GNPDA2 Le plasmide d'activation CRISPR (h) est un système SAM (synergistic activation mediator) à trois plasmides conçu pour une régulation à la hausse hautement efficace et spécifique du locus GNPDA2 dans des lignées cellulaires humaines. Le système s'articule autour d'une Cas9 catalytiquement inactive (dCas9) portant deux mutations inactivantes (D10A et N863A) qui éliminent l'activité nucléase tout en préservant la liaison à l'ADN. Cette dCas9 est fusionnée à VP64, un puissant activateur transcriptionnel, et est co-exprimée avec un gène de résistance à la blasticidine pour la sélection. Le deuxième plasmide code pour la protéine de fusion MS2-p65-HSF1, un complexe activateur secondaire qui agit de concert avec dCas9-VP64, ainsi qu'un gène de résistance à l'hygromycine. Le troisième plasmide code pour un ARN guide (sgRNA) de 20 nt spécifique de la cible, fusionné à deux aptamères d'ARN MS2 qui recrutent le complexe MS2-p65-HSF1 vers le site d'activation, accompagné d'un gène de résistance à la puromycine.
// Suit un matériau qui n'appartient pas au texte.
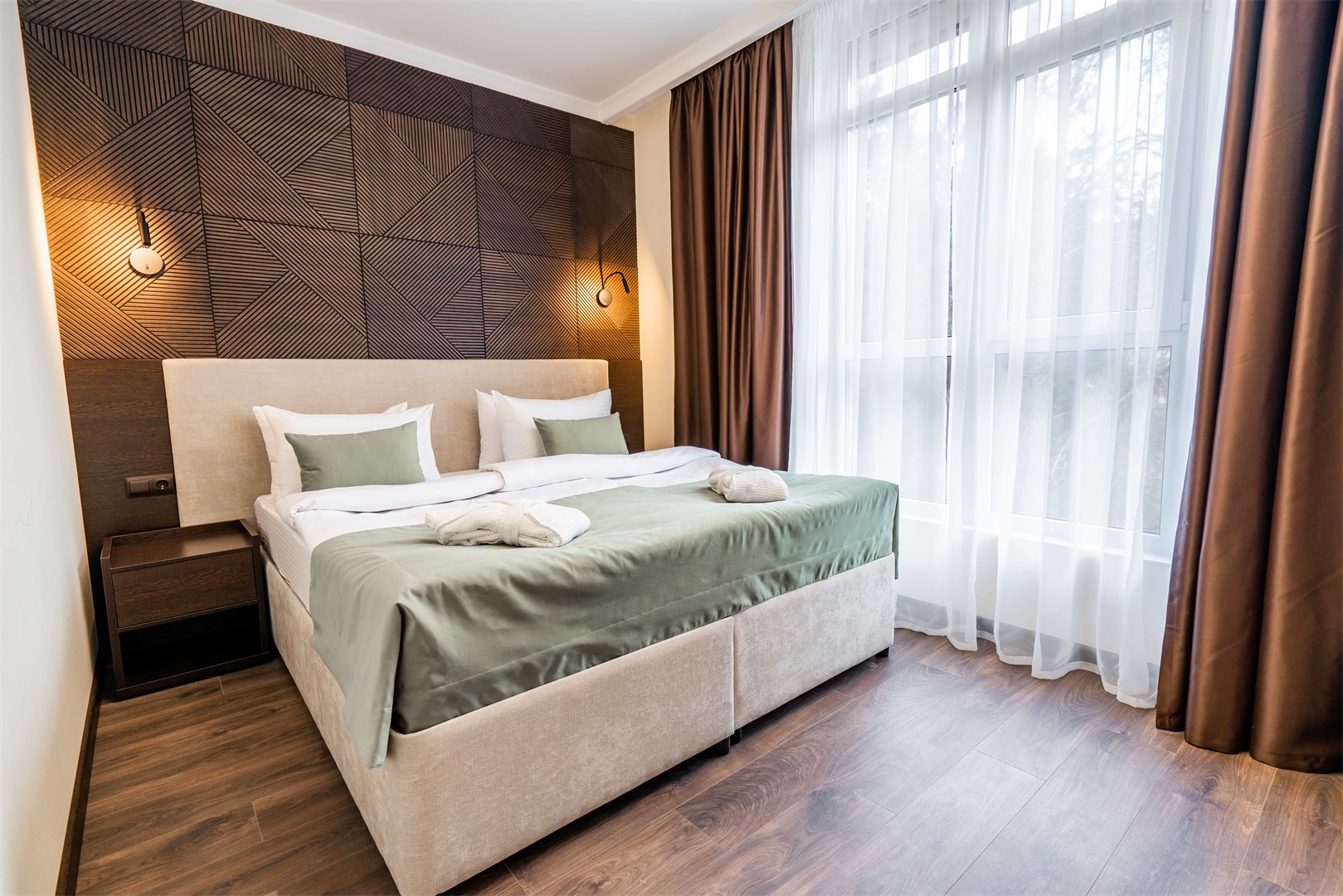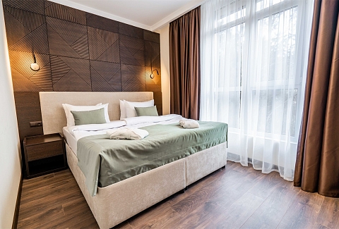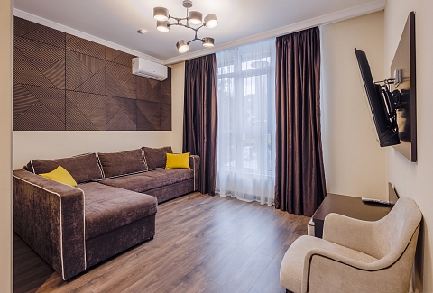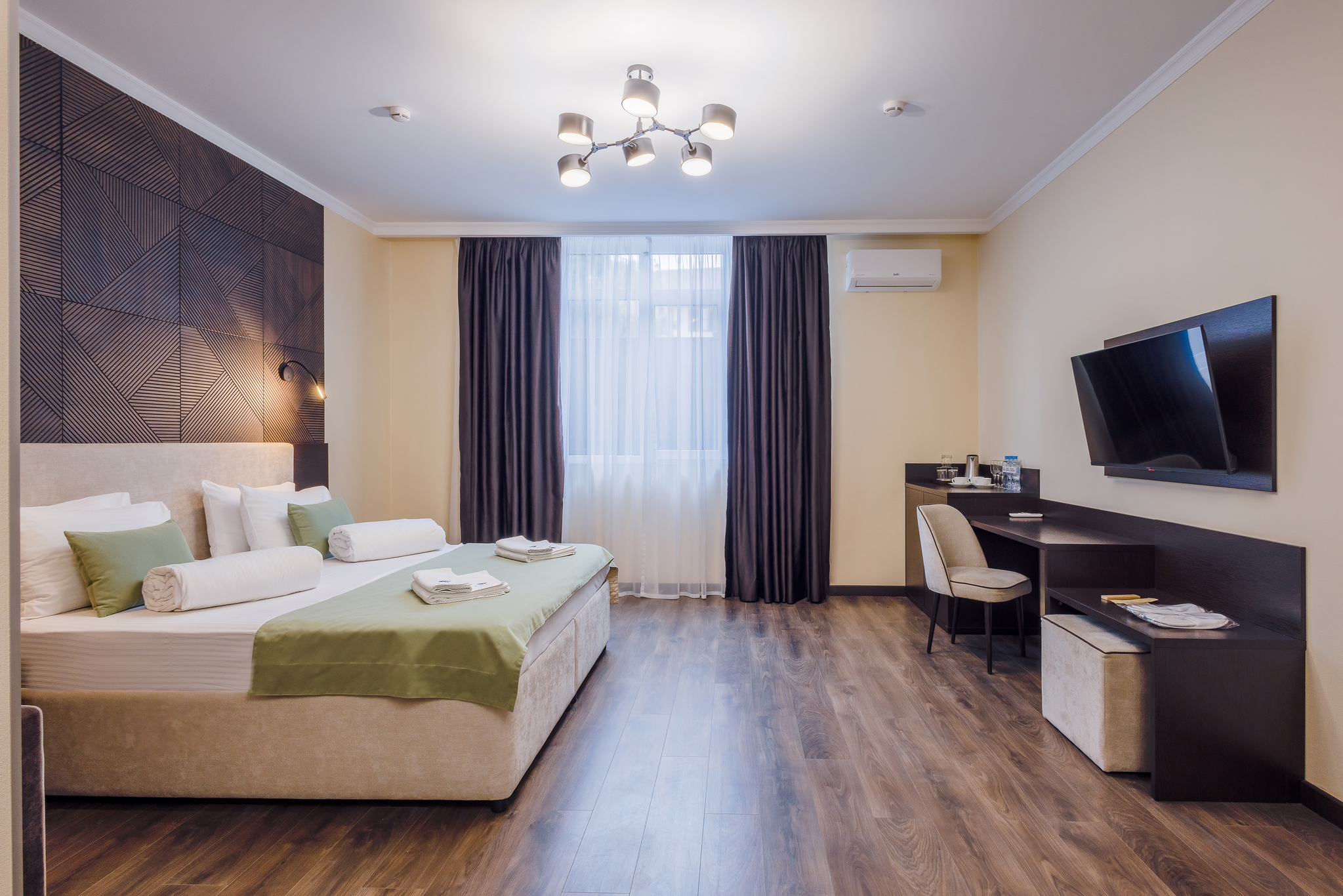 В номере: вешалка, диван раскладной, зеркало, кровать двуспальная, прикроватные тумбочки, стол, столик журнальный, стулья, шкаф, мини-холодильник, сейф, сплит-система, телевизор ЖК, телефон, чайный набор посуды, электрочайник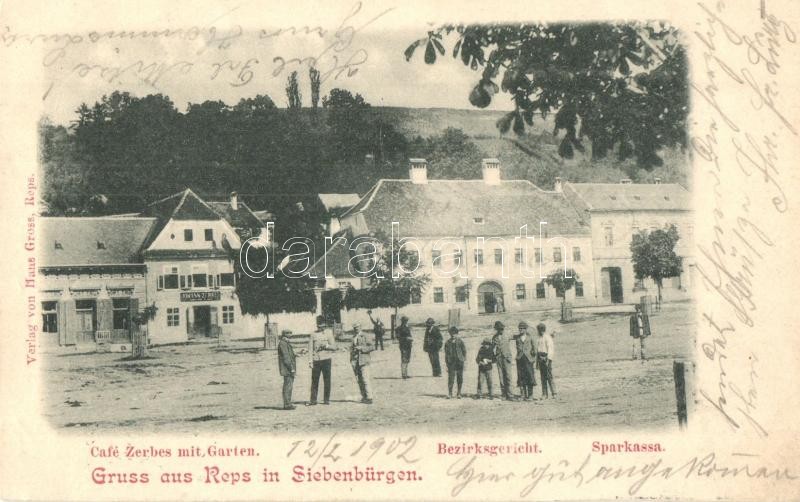 1902 Kőhalom, Reps, Rupea; Café Zerbes mit Garten, Bezirksgericht, Sparkassa. Verlag v. Hans Gross / Johann Zerbes kávéháza, Járásbíróság, Takarékpénztár / café, county court, savings bank (r)

Les trois plasmides sont délivrés dans un rapport massique de 1:1:1 pour une expression équilibrée de tous les composants du système.
Une fois assemblé au locus cible, le complexe SAM se lie à environ 200 pb en amont du site de départ de la transcription GNPDA2, où VP64, p65 et HSF1 agissent de concert pour recruter la machinerie transcriptionnelle et induire une régulation à la hausse de l'expression endogène de GNPDA2. Contrairement à Cas9, qui possède une activité nucléase, dCas9 n'introduit pas de cassures double brin ni ne modifie la séquence génomique, préservant ainsi le locus GNPDA2 natif et permettant l'étude des réponses transcriptionnelles dépendantes de GNPDA2 au niveau du locus endogène, ce qui en fait un outil précieux pour les études fonctionnelles, l'identification de gènes cibles et la modélisation de la restauration de la voie GNPDA2 dans les cellules tumorales présentant une expression de GNPDA2 silencée ou réduite.
Réservé à la recherche. N'est pas destiné à un usage diagnostique ou thérapeutique.